Dirk Gorissen will speak at the RE.WORK in London this week on the internet of things, drones and their potential for making a positive impact in the world.

WebMagazin: You describe yourself as Digital Humanitarian. What does that mean?

Dirk Gorissen: The goal of digital humanitarians is to support humanitarian organisations (UNHCR, MSF, Red Cross, etc…) in their disaster response efforts around the world. The term digital refers to the fact that this support is in the form of digital skills such as GIS mapping, data analysis, process design, etc.

In retrospect though I should have picked a broader label as my interest goes beyond pure humanitarian, with strong interests in general development and education.

How do you think data science can help developing countries?

Just like in developed countries there is huge potential value in unlocking, linking, curating, and analysing existing data sets and national statistics. In developing countries the impacts can be more far reaching than in developed countries as the challenges are more fundamental (i.e. access to basic resources such as water, health care, power).

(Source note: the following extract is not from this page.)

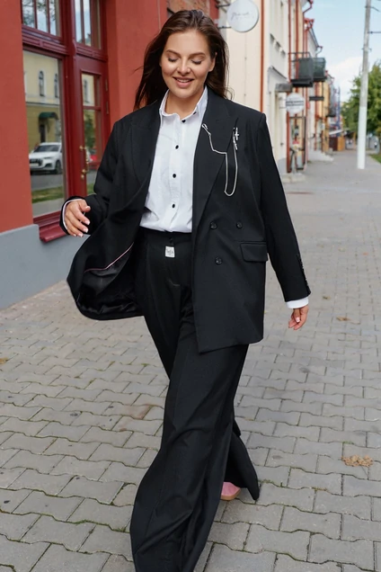 Брюки женские прямого силуэта, с небольшим защипом по талии. Акцентные вертикальные швы перенесенные на перед по боку, вытягивают силуэт. Сзади карман с листочкой, боковые карманы вертикальные. Сзади по поясу эластичная тесьма. Акцент брендированная лейба по застежке.

However, it is a huge mistake to assume that data science in itself (or any kind of technological solution) can somehow solve the ills developing countries face. In the context of data science simply collecting credible, reliable data is a huge challenge. Never mind the financial constraints and the surrounding political, social, and religious sensitivities.

What kind of technologies did you create and use to build the first 3D printed aircraft?

That was done using laser sintering. A common 3D printing technique. The most interesting I found about that project was the fully parametric CAD model that generated the baseline geometry.

What have been the outcomes of the London Deep Learning meetups?

It has been quite surprising how large the interest has been in the meetup. Particularly considering the fundamental models and algorithms have been researched for a long time. As with every class of methods they will evolve and go through their own hype cycle. Overall its just been great to get people together, see them interact, and share experience and expertise.

RE.WORK Technology Conference is taking place in London on the 18th-19th of September. The conference will host a wide range of speakers, presenting on emerging technologies which will provide an unprecedented era of opportunity to create a more sustainable and equal society. Topics discussed at the conference will include the Internet of things, 3D Printing, Nanotech, Artificial Intelligence, Computing Systems, Sensors and Renewable Energy.